Thursday, July 1, 2010

letter from the Dean regarding plans for East Asian Studies Department

Meric S. Gertler, FRSC
Dean

Sidney Smith Hall, 100 St George Street, Suite 2005, Toronto, ON M5S 3G3 Canada
Tel: +1 416‐978‐3383, Fax: +1 416‐978‐3887, email: officeofthedean@artsci.utoronto.ca • www.artsci.utoronto.ca

Department of East Asian Studies

After careful assessment of the Department of East Asian Studies’ planning document and of data relevant to its current role within the Faculty of Arts & Science, the Strategic Planning Committee (SPC) has recommended a broad-based rethinking and restructuring of the study of East Asia within the Faculty. As the largest and most diversified division within the University of Toronto, Arts and Science has a particular responsibility to respond to rapid changes occurring in one of the most strategically important areas of the globe. If in coming years East Asia is to thrive as an area of teaching and research at the U of T, then the Faculty must now deploy its resources and energy in a manner extending beyond the range of the current departmental structure.

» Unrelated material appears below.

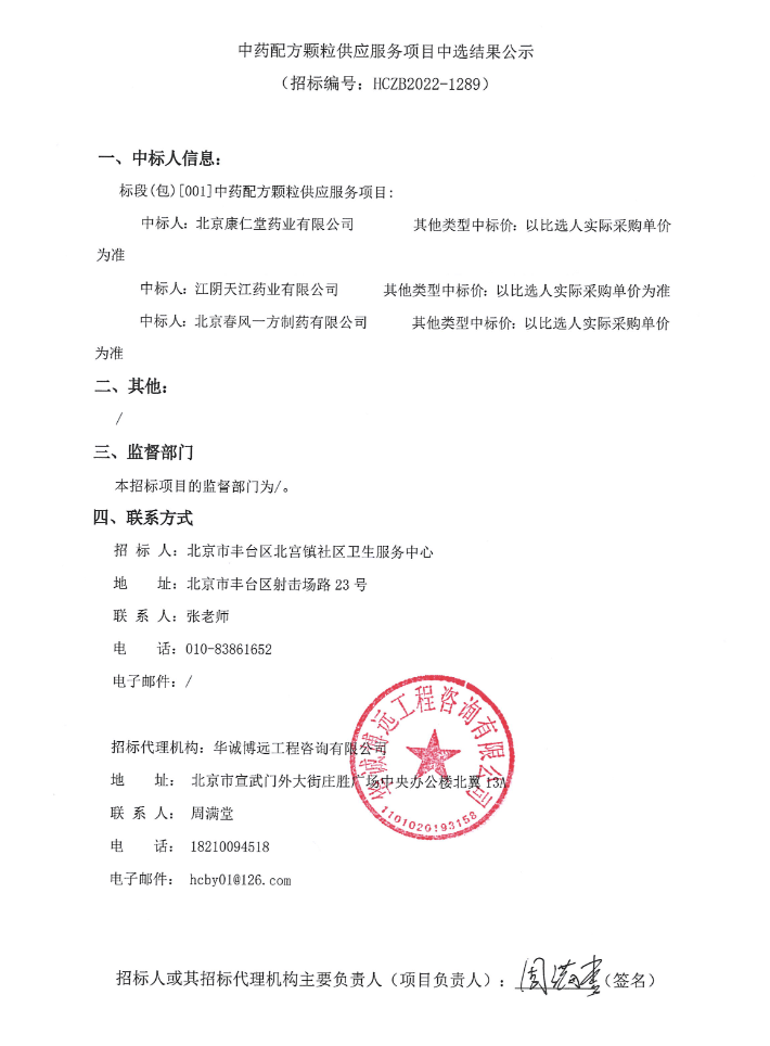 【北京市丰台区北宫镇社区卫生服务中心】北京市丰台区北宫镇社区卫生服务中心中药配方颗粒供应服务项目中选结果公示
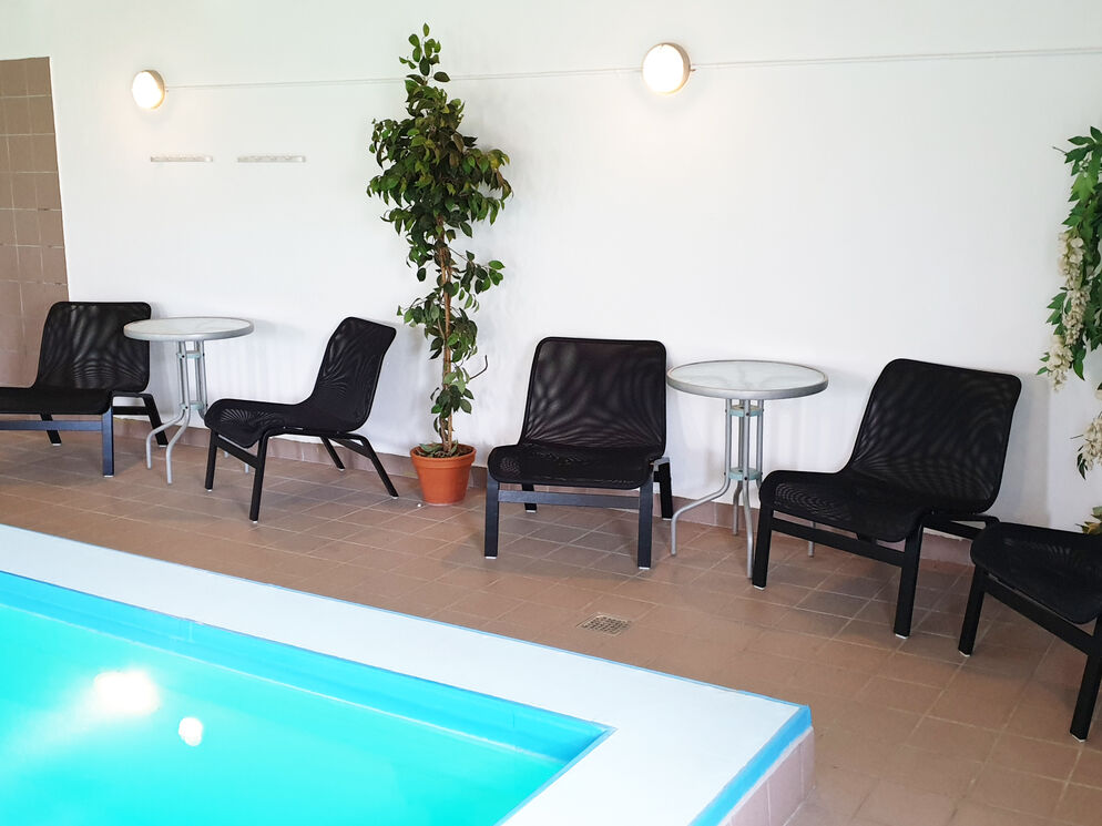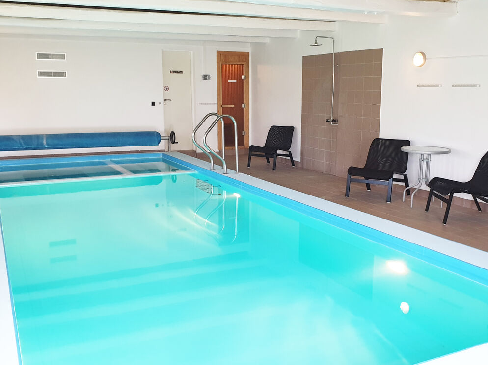 Dieses gemütliche Ferienhaus bietet Platz für 20 Personen. Besonders erwähnenswert sind der Indoorpool und die Sauna im angrenzenden Nebengebäude. Das Erdgeschoss umfasst einen großen Wohnraum mit Essbereich und Kamin sowie eine große und gut ausgestattete Küche. Hinzu gesellen sich ein weiterer Wohnraum mit Kamin, Billardtisch und Tischkicker sowie drei Schlafräume und ein Badezimmer. Im ersten Stockwerk erwarten Sie sieben Schlafräume und vier Bäder. Das angrenzende Nebengebäude mit Pool, integriertem Whirlpool und Sauna verspricht viele vergnügte und entspannte Stunden. Zum Haus gehört ein großes Außengelände mit Feuerstelle und viel Platz für Ballspiele. Dieses Haus eignet sich hervorragend für eine große Familie, ein Familientreffen oder für den Urlaub mit Freunden.

As noted in the planning document, the Department has evolved over the course of the past decade, in accordance with a model that privileges increased interdisciplinarity and complexity within the envelope of a single academic unit. Hence the Department’s coverage of an extraordinarily wide range of subjects and disciplines, from introductory language instruction to advanced seminars in history, philosophy and, religion across a temporal spectrum spanning antiquity to the present. Concomitant with this has been a fundamental shift away from the philological and hermeneutical approaches traditionally supported by the Department toward critical theory and “more problem-based … transnational approaches.” As observed in the planning document, significant challenges associated with these changes have emerged in recent years, as the Department has endeavoured to reconcile its new mission with the language instruction that forms the backbone of education and research at both the undergraduate and graduate levels. The result, in the assessment of the SPC, is a widening gap between the Department’s vision, which points in the direction of non-geographically and non-chronologically defined thematic “nodes of excellence,” and its stated commitment to excellence in languages and literatures.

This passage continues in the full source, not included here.